Cassady, a former running back and defensive back at Ohio State, won the Heisman Trophy – college football’s most prestigious award – in 1955. The same year he was named the Associated Press Athlete of the Year and won the Maxwell Award, a similar award for the nation’s top college football player.
As a past Heisman winner, he is invited each year by the Downtown Athletic Club to the Heisman selection ceremony in New York. Past Heisman winners are given a commemorative football each year to use for autographs from other past Heisman winners.
The football to be raffled is one of those. It contains the autographs of 21 former Heisman winners, including John Lattner (1953), Pete Dawkins (1958), Billy Cannon (1959), Joe Bellino (1960), Gary Beban (1967), Johnny Rodgers (1972), Billy Sims (1978), George Rogers (1980), Ty Detmer (1990), Gino Torretta (1992), Danny Wuerffel (1996) and Eric Crouch (2001).
Cassady got his nickname his freshman year at Ohio State when sports writers who saw him play said he “hopped all over the field like the performing cowboy.”
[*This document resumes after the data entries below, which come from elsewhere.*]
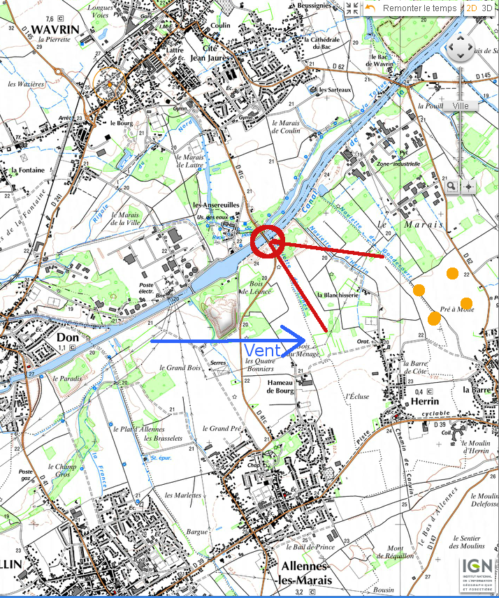 Le relevé Meteociel indique un léger vent d'ouest météo.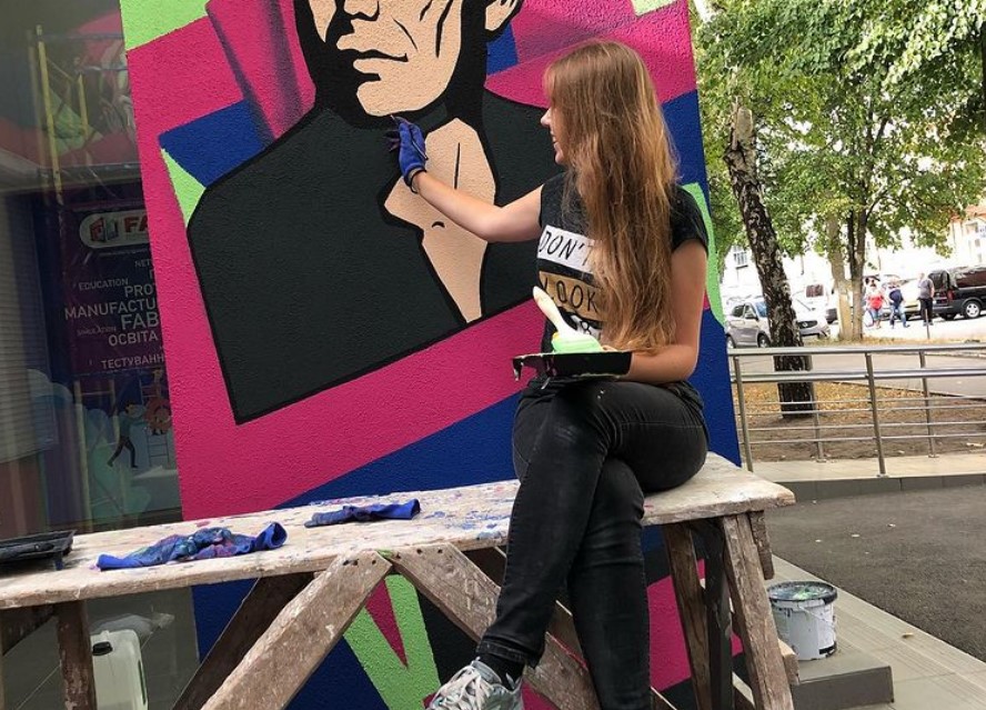 Теж будує стосунки з містом, але трохи в інший спосіб, митець, вирішуючи креативно прикрасивши стіну будинку і намалювавши на ній мурал . Так харківську радянську багатоповерхівку прикрасив кит художниці Насті Худякової, а стіни довкола фаблабу ХНЕУ – портрет Ілона Маска учасників Дуже Цифрових Резиденцій.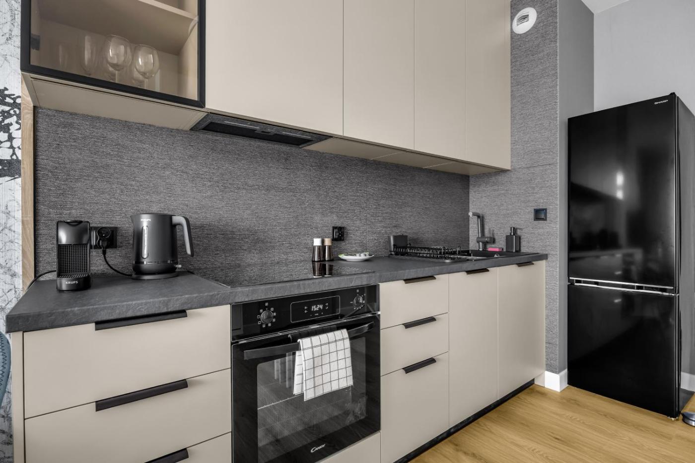 Apartament z 1 sypialnią. Boasting a private entrance, this air-conditioned apartment features 1 living room, 1 separate bedroom and 1 bathroom with a shower and a hairdryer. The well-equipped kitchen features a stovetop, a refrigerator, a dishwasher and kitchenware. This apartment has a washing machine, a coffee machine, flat-screen TV with streaming services, as well as chocolate for guests. The unit has 2 beds. Apartament - 4 osobowy. Powierzchnia pokoju ok.: 38 mkw.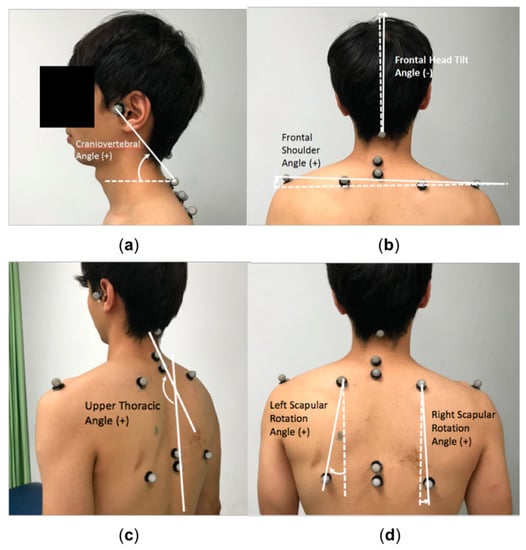 Figure 1. Marker placement and angle definition. (a) Craniovertebral angle was defined as the angle between the line connecting the tragus of the ear and the spinous process of the C7 and the horizontal line; (b) Frontal head tilt angle was defined as the angle between the midline of the head relative to the vertical line. Frontal shoulder angle was defined as the angle between the line connecting the left acromion and right acromion and the horizontal line; (c) Upper thoracic angle was defined as the angle between the line connecting the spinous processes of the T1 and T2 and the line connecting the spinous processes of the T6 and T7; (d) Scapular rotation angles were defined as the angle between the line connecting the superior and inferior scapular angles and the vertical line.

Cassady, an All-American in 1954 and 1955, scored 37 touchdowns in 36 games for the Buckeyes. He posted a career rushing total of 2,466 yards, 4,403 all-purpose yards and scored 222 career points.
As a defensive back, he never had a pass completed against him in four seasons.
Following college, he was the third pick overall in the 1956 NFL draft by the Detroit Lions. He also played for the Cleveland Browns and Philadelphia Eagles before retiring in 1963. As an all-purpose back, he scored 27 career touchdowns.